§ Problem to work on: Could you give back exactly the lines below from the one with "Fitinguri de țevi" through the one with "Projection Photo Projection", without a single picture?

§ Input records:
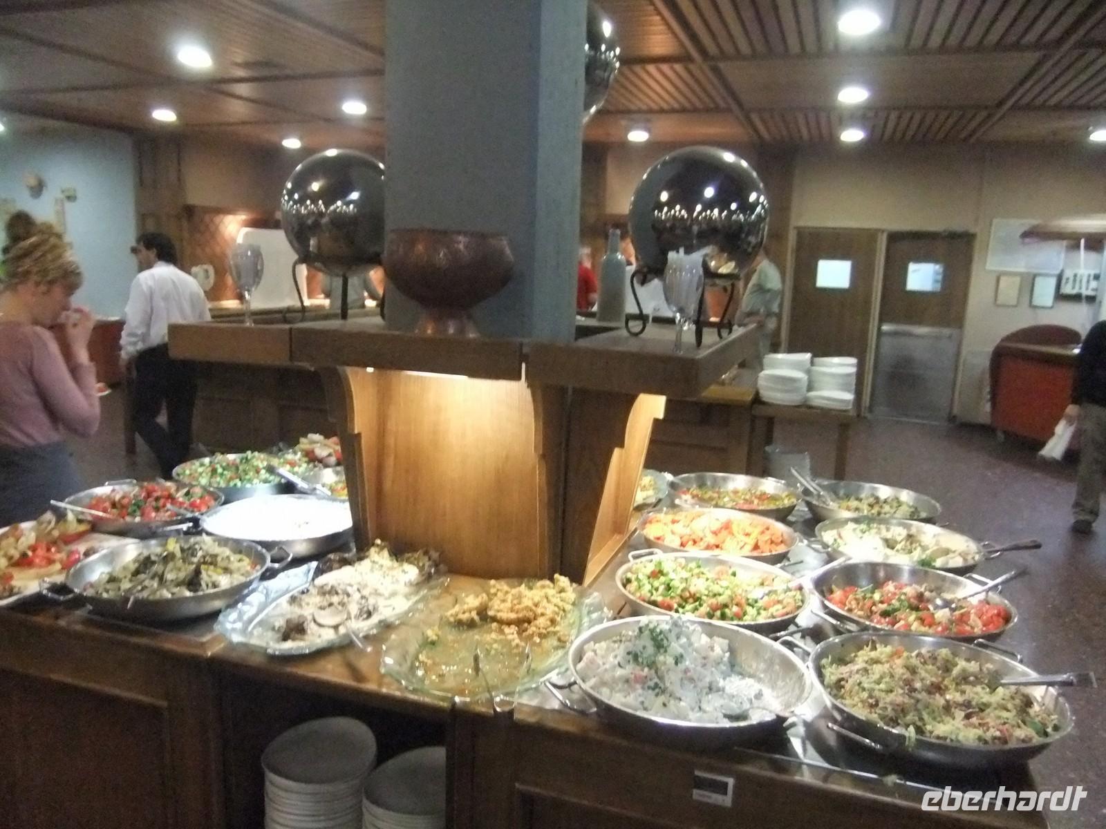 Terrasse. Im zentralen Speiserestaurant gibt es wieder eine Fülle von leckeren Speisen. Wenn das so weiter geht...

...

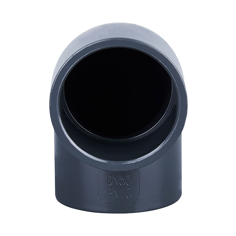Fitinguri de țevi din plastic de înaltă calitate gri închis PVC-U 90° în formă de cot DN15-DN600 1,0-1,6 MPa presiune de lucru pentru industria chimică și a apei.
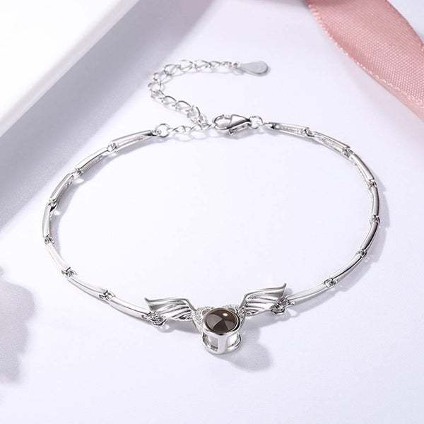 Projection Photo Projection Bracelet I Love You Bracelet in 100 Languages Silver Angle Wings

§ Expected answer:
Fitinguri de țevi din plastic de înaltă calitate gri închis PVC-U 90° în formă de cot DN15-DN600 1,0-1,6 MPa presiune de lucru pentru industria chimică și a apei.
 Projection Photo Projection Bracelet I Love You Bracelet in 100 Languages Silver Angle Wings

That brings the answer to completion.